Your job is to transcribe all the records that follow, excluding any pictures.

_Exercise data_.
[Start of section]

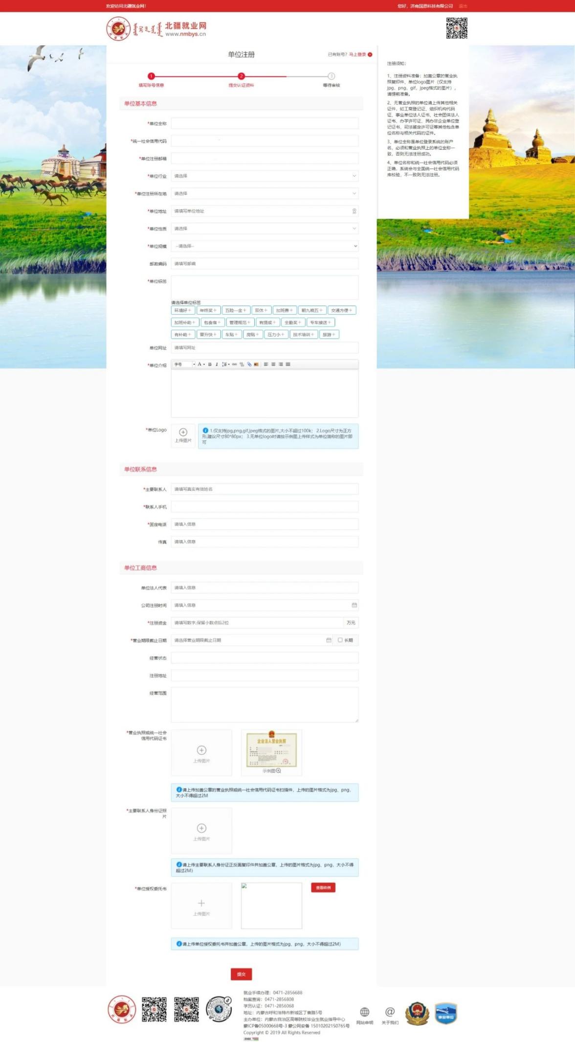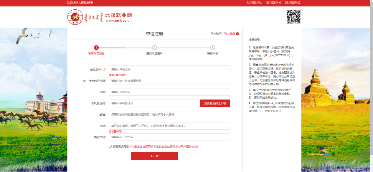 进入单位注册页面。注:(*号标注内容为必填内容;公司名称请填写营业执照上的名称)
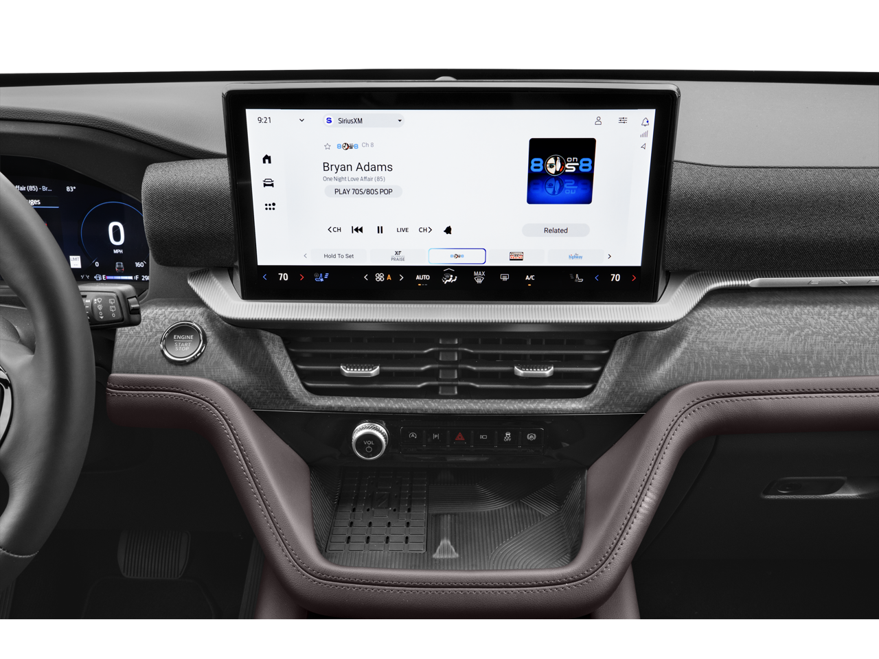 - Radio: B&O Sound System by Bang & Olufsen w/HD -inc: MP3 capability, 980 watt, 14 speakers, subwoofer, speed-compensated volume, SiriusXM w/360L and 3-month prepaid subscription (service is not available in Alaska and Hawaii), Ford digital experience w/13.2" color LCD touchscreen in IP center-stack, Alexa built-in, Google Assistant, Google Maps and Google Play, pinch-to-zoom capability, 911 Assist, Apple CarPlay and Android Auto wireless compatibility, Note: SiriusXM services require a subscription, sold separately by SiriusXM after the trial period, Your SiriusXM service will automatically stop at the end of your trial unless you decide to subscribe, If you decide to continue service, the subscription plan chosen will automatically renew and be charged according to your chosen payment method at the then-current rates, Fees and taxes apply, See the SiriusXM customer agreement and privacy policy at http://www.siriusxm.com/ www.siriusxm.com for full terms and how to cancel, which includes online methods or calling 1-866-635-2349, Available in the 48 contiguous United States, D.C, and Puerto Rico (w/coverage limits and capable receiver), Visit http://www.siriusxm.com/FAQS for most current service area information, Availability of some services and features is subject to device capabilities and location restrictions, All fees, content and features are subject to change, SiriusXM, Pandora and all related logos are trademarks of Sirius XM Radio Inc, and its respective subsidiaries Eligible 2025 model-year vehicle receive complimentary access to 3-years of Alexa built-in and 1-year of Ford premium connectivity connected service plan enabling Google Assistant, Google Maps and Google Play which begins on the new warranty start date. Evolving technology/cellular networks/vehicle capability may limit functionality and prevent operation of connected features.
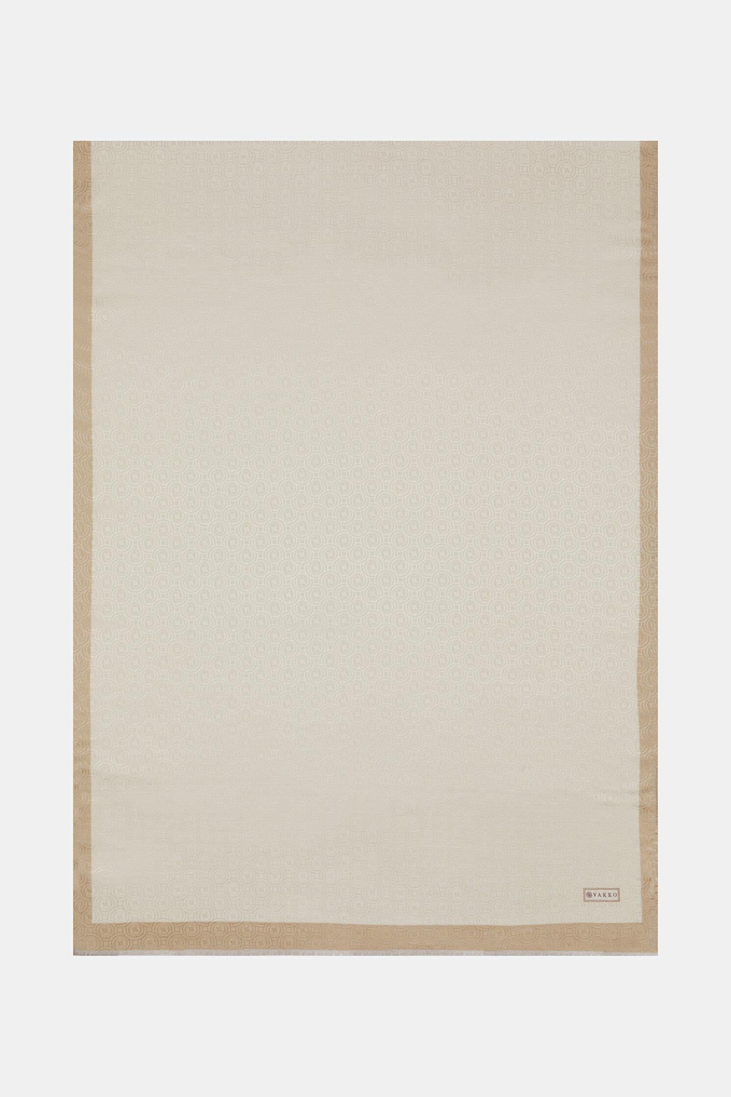 Vakko Pamuk İpek Şeritli Monogram Şal 41728-Ekru (41728)
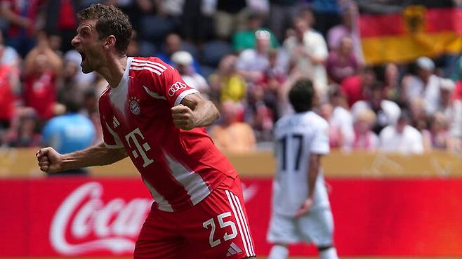 후반 16분 교체로 투입된 자말 무시알라가 해트트릭을 달성한 가운데 지난 시즌을 마지막으로 뮌헨과의 25년 동행을 마무리한 뒤 이번 대회 출전을 위해 '1개월 단기 계약'한 토마스 뮐러가 멀티골로 '라스트 댄스'의 시작을 화려하게 알렸습니다.
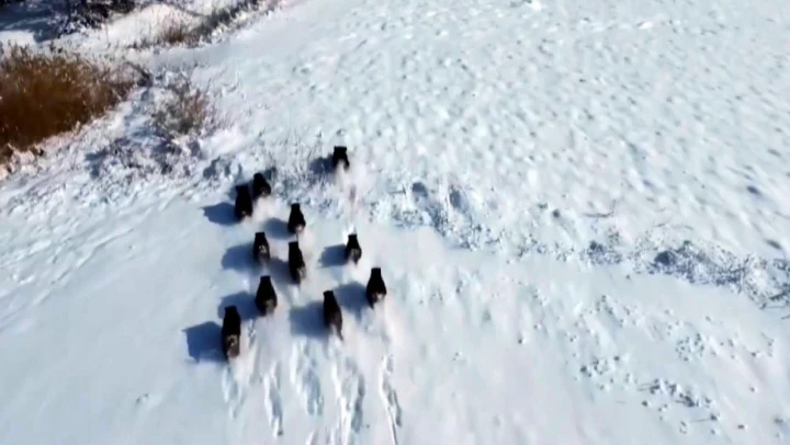 Erzincan'da popülasyonu artan ve yaz aylarında çiftçilerin mahsullerine zarar verdiği için dert yakındıkları domuz sürüsü karla kaplı arazide havadan dron kamera ile görüntülendi.
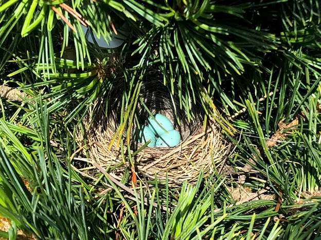 The tree container area. The tree container area has proven to be surprisingly good habitat for bird nests. Apparently the birds like this mini “forest!”

[End of section]

_Written answer_.
 进入单位注册页面。注:(*号标注内容为必填内容;公司名称请填写营业执照上的名称)
 - Radio: B&O Sound System by Bang & Olufsen w/HD -inc: MP3 capability, 980 watt, 14 speakers, subwoofer, speed-compensated volume, SiriusXM w/360L and 3-month prepaid subscription (service is not available in Alaska and Hawaii), Ford digital experience w/13.2" color LCD touchscreen in IP center-stack, Alexa built-in, Google Assistant, Google Maps and Google Play, pinch-to-zoom capability, 911 Assist, Apple CarPlay and Android Auto wireless compatibility, Note: SiriusXM services require a subscription, sold separately by SiriusXM after the trial period, Your SiriusXM service will automatically stop at the end of your trial unless you decide to subscribe, If you decide to continue service, the subscription plan chosen will automatically renew and be charged according to your chosen payment method at the then-current rates, Fees and taxes apply, See the SiriusXM customer agreement and privacy policy at http://www.siriusxm.com/ www.siriusxm.com for full terms and how to cancel, which includes online methods or calling 1-866-635-2349, Available in the 48 contiguous United States, D.C, and Puerto Rico (w/coverage limits and capable receiver), Visit http://www.siriusxm.com/FAQS for most current service area information, Availability of some services and features is subject to device capabilities and location restrictions, All fees, content and features are subject to change, SiriusXM, Pandora and all related logos are trademarks of Sirius XM Radio Inc, and its respective subsidiaries Eligible 2025 model-year vehicle receive complimentary access to 3-years of Alexa built-in and 1-year of Ford premium connectivity connected service plan enabling Google Assistant, Google Maps and Google Play which begins on the new warranty start date. Evolving technology/cellular networks/vehicle capability may limit functionality and prevent operation of connected features.
 Vakko Pamuk İpek Şeritli Monogram Şal 41728-Ekru (41728)
 후반 16분 교체로 투입된 자말 무시알라가 해트트릭을 달성한 가운데 지난 시즌을 마지막으로 뮌헨과의 25년 동행을 마무리한 뒤 이번 대회 출전을 위해 '1개월 단기 계약'한 토마스 뮐러가 멀티골로 '라스트 댄스'의 시작을 화려하게 알렸습니다.
 Erzincan'da popülasyonu artan ve yaz aylarında çiftçilerin mahsullerine zarar verdiği için dert yakındıkları domuz sürüsü karla kaplı arazide havadan dron kamera ile görüntülendi.
 The tree container area. The tree container area has proven to be surprisingly good habitat for bird nests. Apparently the birds like this mini “forest!”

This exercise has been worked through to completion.